03-23-2010, 10:27 AM (This post was last modified: 03-23-2010, 07:04 PM by Sforza.)
Yeah. Belkin really sucks. I bought one in Canada and it lowered my speed by 1/3. To play on Kai, I had to connect my laptop directly to the wired router
RANT: As soon as I returned to my room today after work, I heard a loud splashing sound coming from downstairs. It continued for about 15 minutes, and at this point I decided to tell my mom.
It turned out one of our maids was watering the plants and forgot to turn off the faucet after removing the hose (WTF?!). The part of the garden in question was already flooded when we went to check. Take note, I could hear the water flowing from the second floor. It was that strong.

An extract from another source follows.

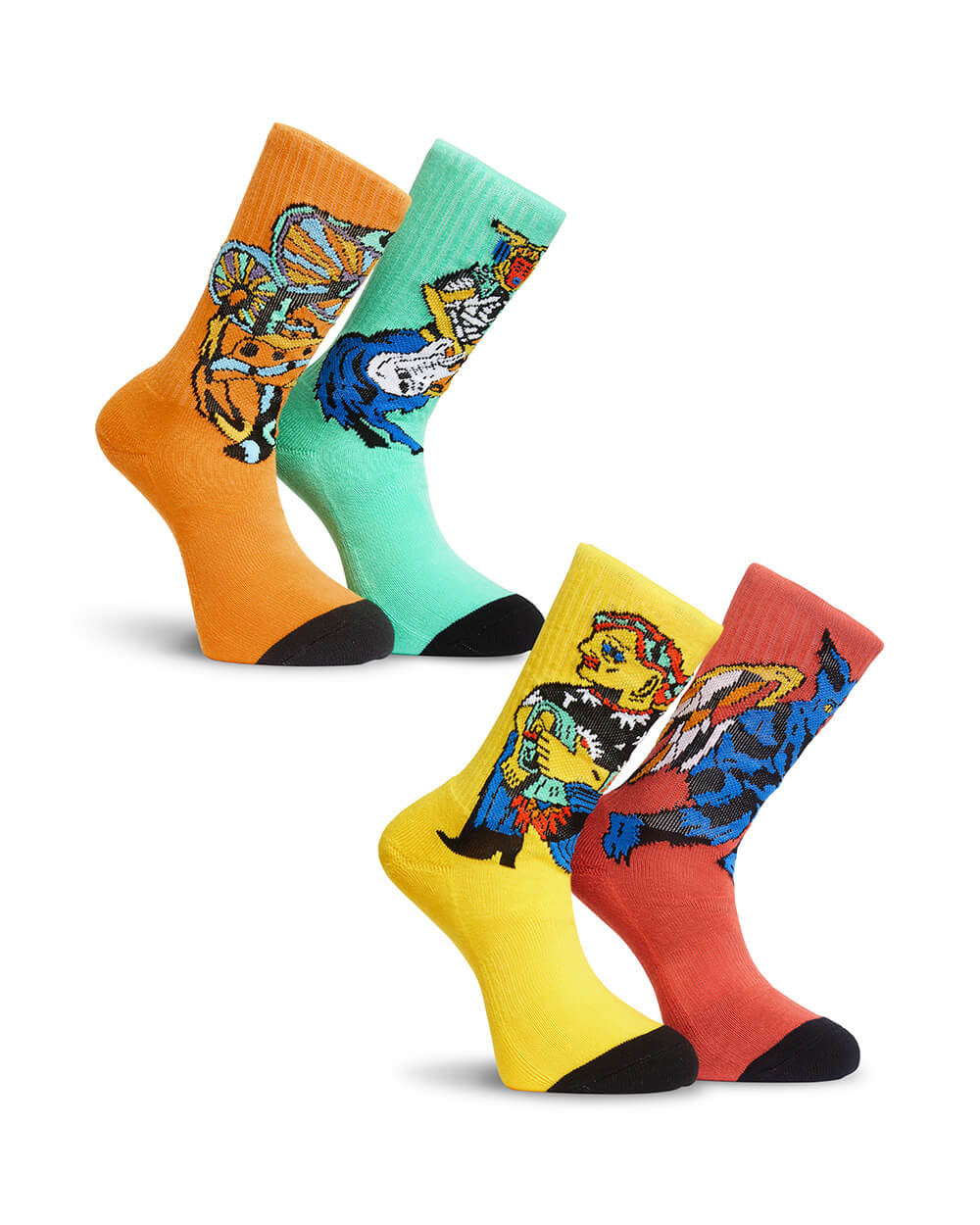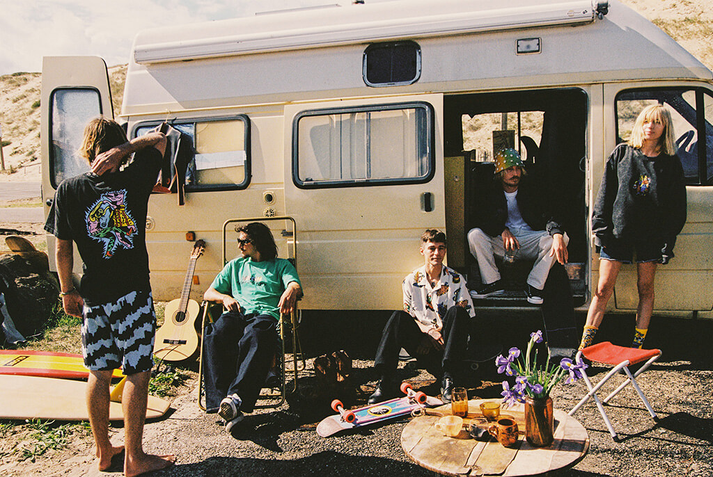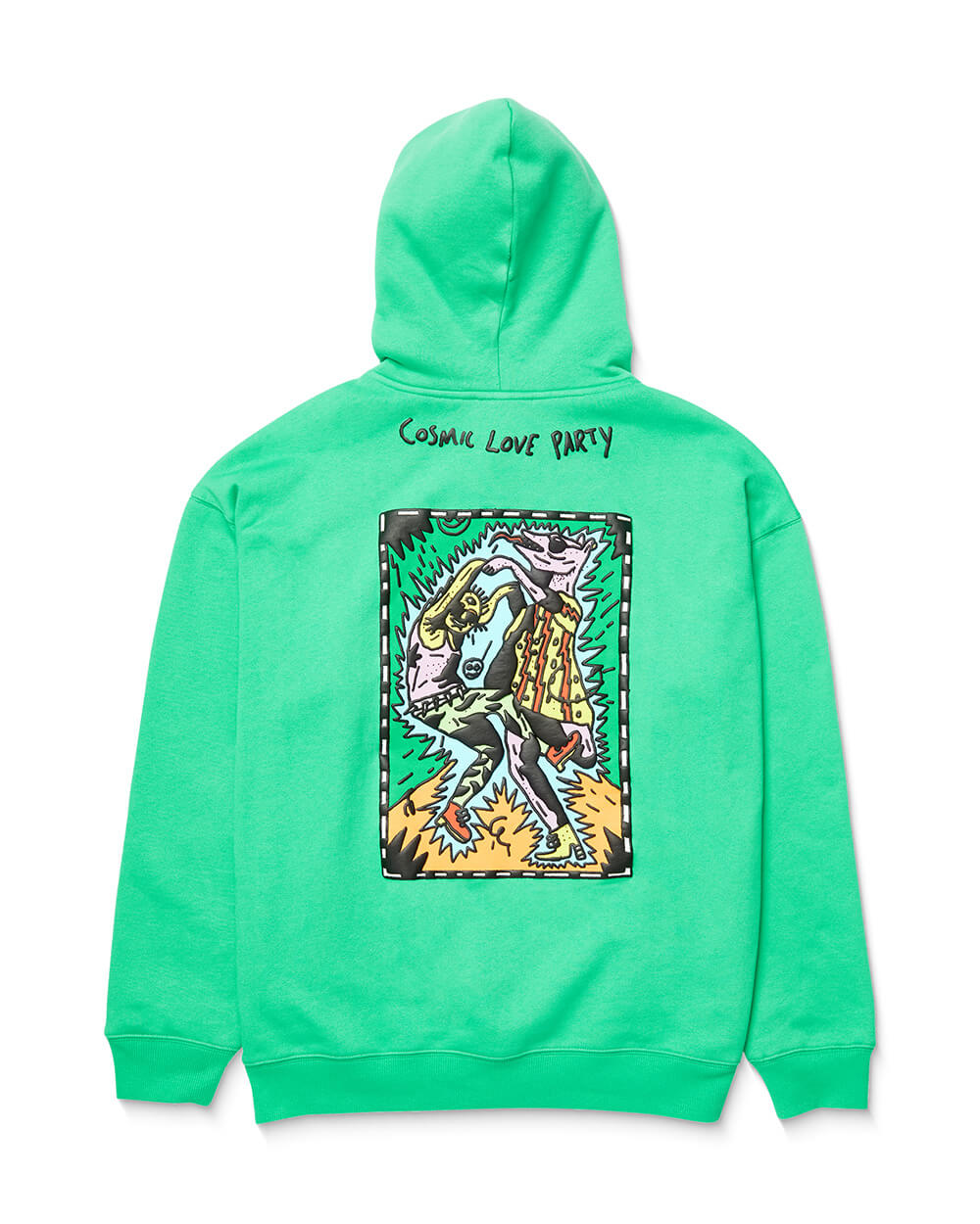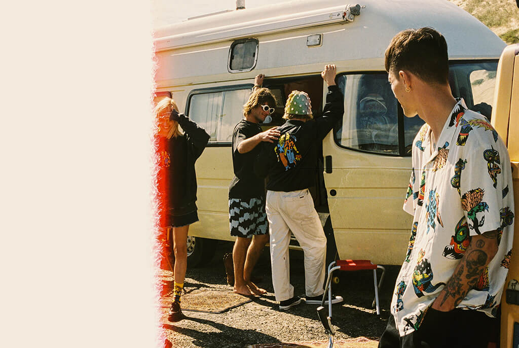 Volcom came to me a second time, offering a single line from a poem as the seed for a new collection. Something about it felt like a spark—quiet, but insistent. From that line, a vivid world started to unfold. I saw colourful warriors moving through shifting skies, cosmic mushrooms glowing under starlight, strange figures in motion, and moments of love suspended in space.

Jake: Yeah WTF. That's happened with our helpers too. It's cuz they leave the faucet open, with the nozzle of the hose closed when they have to do something else but aren't done with the watering task yet. And then they totally forget that the faucet is still open. So water just seeps out everywhere. Such a waste.
That used to happen to us as well. Sometimes it's even worse when the maid leaves the shower open just after taking a bath. Water bills have increased from about 200-500 to 1000+.